THE UPS AND DOWNS OF HUMAN NATURE

THE NATURE-NURTURE DEBATE has been raging, in one form or another, as long as humans have reflected about themselves. Adam and Eve started things off by calling attention to their innate nature (good but weak), while their nemeses, the serpent and the apple tree, could be considered environmental influences—leaving only the question of whether the Garden of Eden, as a rearing environment, fell within Sandra Scarr’s “normal range.” There have been so many fluctuations in the fortunes of the biological versus the environmental positions that it was inevitable that in recent times apathy has set in among bystanders. First one side’s up, then the other; exhausted by these pendulum swings, much of the public has developed a cry-wolf indifference to the issue. That this reaction should happen now is both ironic and unfortunate in that science finally appears to have resolved the problem once and for all.

The conclusion that both sides now seem to agree on is that nature-or-nurture is a nonquestion. There was nothing wrong with the two concepts—nature, for genes and biology; nurture for the environment. There was plenty wrong, it turns out, with the “or.” The most cogent dismissal of this thinking must be that of Martin Daly and Margo Wilson, who wrote in their landmark 1988 book Homicide: “One might just as well ask whether hemoglobin or air is more essential to human survival.” This is a particular apt analogy, not only because both genes and environment are fundamental to development but also because their interaction is too.
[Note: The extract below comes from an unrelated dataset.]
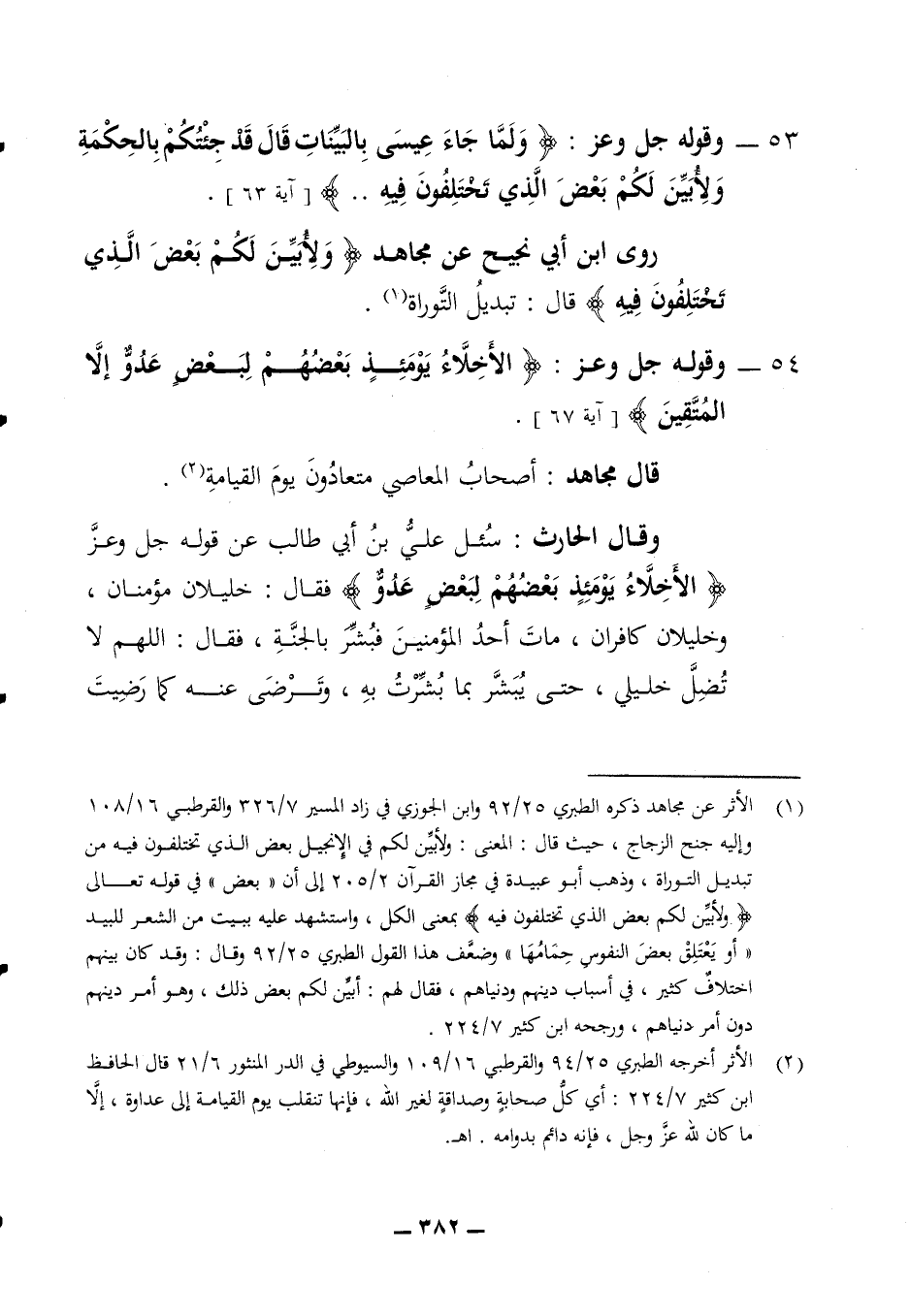53 - وقوله جل وعز (ولما جاء عيسى بالبينات قال قد جئتكم بالحكمة ولأبين لكم بعض الذي تختلفون فيه) (آية 63) روى ابن أبي نجيح عن مجاهد ولأبين لكم بعض الذي تختلفون فيه) قال تبديل التوراة 54 - وقوله جل وعز (الأخلاء يومئذ بعضهم لبعض عدو إلا المتقين) (آية 67) قال مجاهد أصحاب المعاصي متعادون يوم القيامة وقال الحارث سئل علي بن أبي طالب عن قوله جل وعز (الأخلاء يومئذ بعضهم لبعض عدو) فقال خليلان مؤمنان وخليلان كافران مات أحد المؤمنين فبشر بالجنة فقال اللهم لا تضل خليلي حتى يبشر بما بشرت به وترضى عنه كما رضيت

The question, then, turns out to have been bogus, at least in the either-or form in which it was cast. Still, the longevity and virulence of the debate is surely a result of its relationship to fundamental questions on man’s nature that scientists and thinkers have grappled with throughout history. And because the conclusions about humans were so momentous, the matter has been the staked-out turf of powerful political and religious institutions whose systems were erected upon their conceptions of this essence, of human nature itself.

So the debate has not been an abstract conundrum, a pastime for medieval monks, dormitory bull sessions, or competing schools of psychology. It is a question that can determine the way in which humans are reared, governed, educated, punished—and how they see themselves in relationship to their gods, to their governments, and to one another. It is no wonder that throughout history entrenched powers, spiritual and temporal, have ferociously defended their dogmatic pronouncements on mankind’s essential nature—and many still do.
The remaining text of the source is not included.